Similarly, there are in today's newspapers all kinds of experts pronouncing on cause and effect in respect the mysteries of drug addiction. There are all kinds of people scapegoating Stephen Harper (like many politicians before) for adding to the problem as part of a loosely-hidden agenda to win votes by voicing the appealing rhetoric of getting tough on crime. But there are some problems on which a sober mind will resist easy finger pointing. It seems to me that the best one can say about things like the addictive personality is that the mystery of cause and effect lies with questions of good and bad faith.

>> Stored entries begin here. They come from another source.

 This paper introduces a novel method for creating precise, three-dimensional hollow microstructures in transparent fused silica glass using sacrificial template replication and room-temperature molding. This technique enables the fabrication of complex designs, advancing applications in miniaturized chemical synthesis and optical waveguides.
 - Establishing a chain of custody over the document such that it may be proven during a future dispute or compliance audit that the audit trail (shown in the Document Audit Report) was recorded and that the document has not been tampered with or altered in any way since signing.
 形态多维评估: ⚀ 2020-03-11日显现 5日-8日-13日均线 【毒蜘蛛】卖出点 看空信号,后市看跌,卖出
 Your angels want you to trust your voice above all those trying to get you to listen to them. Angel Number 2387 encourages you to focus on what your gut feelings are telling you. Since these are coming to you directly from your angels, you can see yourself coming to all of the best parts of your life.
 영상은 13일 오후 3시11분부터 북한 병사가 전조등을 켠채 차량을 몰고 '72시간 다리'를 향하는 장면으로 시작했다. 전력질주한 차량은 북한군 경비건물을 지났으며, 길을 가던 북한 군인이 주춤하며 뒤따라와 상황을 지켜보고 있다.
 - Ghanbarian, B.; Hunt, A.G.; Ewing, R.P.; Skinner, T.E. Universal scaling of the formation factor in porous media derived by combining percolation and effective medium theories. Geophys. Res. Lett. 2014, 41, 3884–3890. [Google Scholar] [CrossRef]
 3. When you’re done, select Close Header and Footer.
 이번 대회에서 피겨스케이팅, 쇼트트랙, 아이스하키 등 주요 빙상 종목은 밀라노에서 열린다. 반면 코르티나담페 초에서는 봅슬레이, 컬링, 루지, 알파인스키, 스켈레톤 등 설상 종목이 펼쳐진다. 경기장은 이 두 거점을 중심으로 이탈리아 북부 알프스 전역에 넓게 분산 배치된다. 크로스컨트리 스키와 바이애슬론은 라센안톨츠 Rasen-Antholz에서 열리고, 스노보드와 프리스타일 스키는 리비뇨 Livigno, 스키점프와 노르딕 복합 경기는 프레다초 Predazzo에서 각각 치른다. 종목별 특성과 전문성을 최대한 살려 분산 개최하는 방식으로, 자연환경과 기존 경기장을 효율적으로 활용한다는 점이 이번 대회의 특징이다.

Long story short, do we as a culture have the faith that we can tell young people that the myths that drug use is a form of cool opposition to, or useful coping with, the oppressive system is a bad myth - the myth that you will never be more ecstatic than when on Ecstasy? and can we replace it with a truth that sets people free by allowing them to put their faith in the system, given all the pressures and demands that the modern free market economy and bureaucratic state really do make on people? If we pursue the question I think we will see that our system can only renew itself, and not allow so many of its young people to ruin their lives with drugs, if it recognizes that faith in the system has to involve spiritual commitments and covenants that are not themselves reducible to the instrumental logic of the economy and bureaucracies of our land. If Harper offers little it is because big things can only start with humble leaps of faith. And we need more leaders who will say as much without just throwing money at "scientific" experts and solutions. And then it is up to the rest of us, it is the job of our civil society - and not at root the government - to help our family, friends, acquaintances, to find a faith in the future without drugs. Since no one or no family, and certainly no bureaucracy, can do much alone, it is a question for civil society and culture at large. Can we share a commitment to renewing the covenant? Or are we going to forever bitch that the latest government policy has no hope of seriously addressing the problem? Because no government policy alone is ever conceivably going to solve the drug addiction problem. It can only start with us.